In a much anticipated decision, the California Supreme Court held, in Prospect Medical Group, Inc. v. Northridge Emergency Medical Group, that billing disputes over emergency medical care must be resolved solely between the emergency department physicians and the HMO; emergency department physicians may not bill the HMO enrollee for any disputed amount.  When an emergency physician, who has not contracted with the HMO, provides emergency care to a patient that is enrolled in an HMO, the emergency physician only has recourse against the HMO, and not against the patient.  The decision was filed by the California Supreme Court on January 8, 2008.

The case was governed by the Knox-Keene Act, which among other things requires emergency health care providers to provide emergency services without regard to the ability of a patient to pay, and requires HMOs to reimburse emergency health care providers for services provided to the HMO’s enrollees, regardless of whether the emergency health care provider contracted with the HMO.  A dispute often arises when the emergency physician, who has not contracted with the HMO, bills the HMO at the physician’s standard rates for the emergency care provided to a patient enrolled in the HMO.  The HMO often takes the position that the charges billed exceed fair market rates and issues payment to the physician for less than the full amount of the billed charges.  In order to recover the difference between the amount billed and the amount reimbursed, the emergency physicians then bill the patient for the unpaid balance.  This is referred to as "balance billing."

It is interesting to note that in this case, Prospect Medical Group agreed to reimburse the emergency physician for the equivalent of the Medicare allowable rate.  The Court’s opinion did not address the issue of reasonable reimbursement, and more specifically, whether the Medicare allowable rate should be considered reasonable reimbursement.

The California Supreme Court determined that the Knox-Keene Act evidenced a legislative intent to prohibit balance billing in this context based on the following factors:  (1) an intent in the Knox-Keene Act to transfer the financial risk of health care from patients to providers, (2) the statutory requirement that requires emergency care patients to either agree to pay for the services or to supply insurance information, (3) the statutory requirement that HMOs pay doctors for emergency services rendered to their subscribers, (4) the statutory prohibition on balance billing when the HMO, and not the patient, is contractually required to pay, (5) the statutory requirement that HMOs adopt mechanisms to resolve billing disputes between emergency room (i.e., non-contracting) doctors and HMOs, and (6) Bell v. Blue Cross of California (2005), wherein the Court of Appeal interpreted the Knox-Keene Act to permit emergency room physicians to sue the HMO directly for the reasonable value of the emergency services.

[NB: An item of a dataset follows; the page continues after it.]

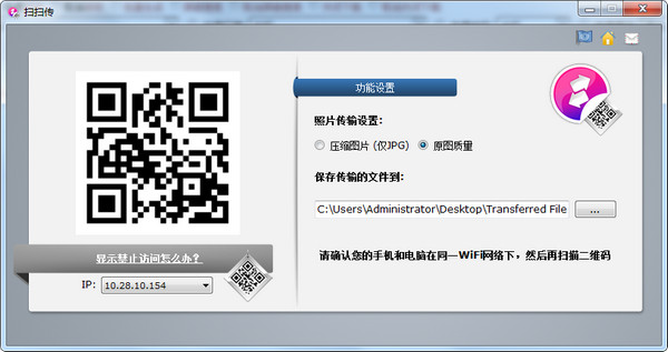 这款工具的最大特点就是方便,它不需要您在手机上安装任何App,只需在电脑上安装扫扫传程序就可以了。 您只需要用您的iOS相机或者微信/QQ等能扫二维码的App扫一扫程序界面显示的二维码,就可以立刻开始传输文件到电脑了。 扫扫传支持批量传输,可以让您一次性传输上百个文件,并且因为优化了网络连接,传输速度非常快,几秒钟就可以传输非常多的照片。【软件特点】

During the pendency of this action, the Department of Managed Health Care adopted a regulation that defines balance billing as an unfair billing pattern (Cal. Code Regs., tit. 28, § 1300.71.39).  While the Court took note of the regulation, since it did not become effective until after the commencement of litigation in this case, the Court determined it was not dispositive.

The holding in Prospect Medical Group is limited to situations under which an emergency room physician bills a patient for emergency room services when such emergency room physician has recourse against the patient’s HMO.  The California Supreme Court explicitly expressed no opinion as to situations when no such recourse is available.  Additionally, the California Supreme Court did not take a position on either the issue of what is reasonable and fair payment, or how to resolve disputes between the non-contracting physicians and the HMOs. 

The effect of this decision will not be limited to emergency department physicians, because other physician specialists, such as radiologists, anesthesiologists, pathologists, trauma surgeons, and others, are frequently called upon to render emergency medical services to HMO patients who present for medical care in a hospital’s Emergency Department.  Look for the next round of litigation on this topic to involve suits by hospital-based physicians against HMO’s seeking "fair market value" reimbursement for their professional services.